Pas de grand objectif de vie, mais à court terme, l’objectif principal est de réussir mon école. Pour l’instant, j’aime beaucoup les cours qui y sont dispensés, ça me motive encore plus à travailler et à tout donner en école. Et surtout, libéré de la prépa, la vie s’offre à nous ! J’ai pour projet de courir le marathon de Paris 2023, et j’ai enfin le temps pour essayer de bien progresser aux échecs !

Et comme la grande majorité des étudiants en école d’ingénieur, il est encore difficile de savoir ce qu’on veut faire plus tard. Mais ça touchera à l’informatique, ça c’est sûr !

Comment est la vie étudiante à l’ENSIIE ?

On est une petite promo à l’ENSIIE (environ 150), donc assez rapidement, on finit par connaître tout le monde de près ou de loin. De fait, l’ambiance à l’école est alors très sympathique et familiale. Et comme dans toutes les écoles, il y a beaucoup d’associations, et tu peux globalement faire tout ce que tu veux dans l’école (avec par exemple, par pur hasard, un excellent club d’échecs !).

De plus, les deux semaines d’intégration étaient vraiment incroyables ! Et ce qui fait peut-être l’originalité de l’école, c’est que chaque mois, il y a une NJV (Nuit du Jeu Vidéo) au sein de l’école. Une LAN sur un jeu choisi auparavant est organisée, il y a des compets d’échecs, un tournoi Smash, des dégustations du club œnologie, et plein d’autres choses !

Un conseil pour ceux qui voudraient intégrer ton école ?

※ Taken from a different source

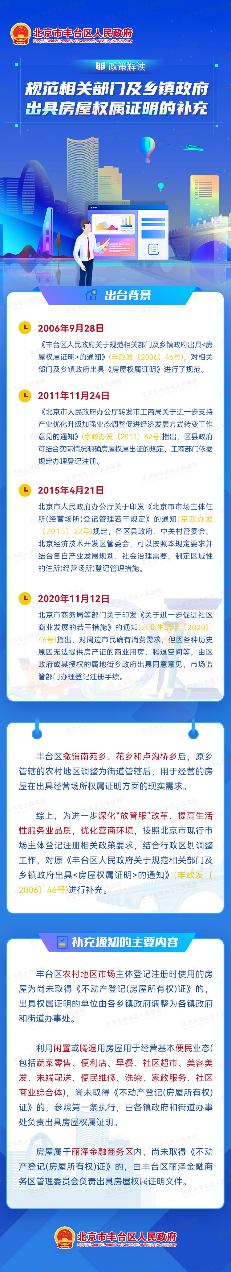 • 北京市丰台区人民政府办公室关于规范相关部门及乡镇政府出具房屋权属证明的补充通知

Pas vraiment de conseil précis pour intégrer mon école, mais ce qui est sûr, c’est que l’ENSIIE n’est pas une école généraliste : il faut vraiment aimer les maths, et surtout l’informatique pour venir ici ! Sinon, les cours vont vite vous paraître longs 🙂

Le principal, c’est de s’accrocher en prépa. J’ai vécu des moments vraiment difficiles, et j’étais loin d’être un cas isolé dans la classe ou en prépa en général. Tout le monde passe par ses moments là, à plus ou moins grande échelle. Donc surtout, le conseil ultime pour s’accrocher, c’est de garder un rythme de sommeil correct, quitte à se forcer une heure de coucher.

Et pour finir, je trouve qu’un superbe conseil qu’on ne répète jamais assez, c’est de choisir une école en fonction de ce qu’on aime vraiment, de ce qui nous fait réellement vibrer, au lieu de se brider uniquement par un des nombreux “classement des écoles d’ingénieurs”.

Veux-tu rajouter quelque chose ? 

Outre mon sommeil, mon principal regret sur ces 3 années en prépa est d’avoir accepté d’aller en classe étoilée. J’y avais très peu ma place, et je m’en suis rendu trop tard en 3/2. Est-ce que j’aurais mieux réussi dans une classe non-étoilée ? Je n’en sais rien dans le fond, mais je pense sincèrement que oui.

Mais la prépa reste tout de même dans mon esprit de belles années, malgré certains passages un peu (voire très) déprimants. J’ai rencontré des amis vraiment incroyables, une fille fantastique, et je me souviendrais de cours d’une très grande qualité et de profs hyper investis.

Et comme mot de fin, si vous lisez ceci et que vous êtes en prépa à la recherche d’un TIPE, n’hésitez pas à vous inspirer du mien, c’est cadeau !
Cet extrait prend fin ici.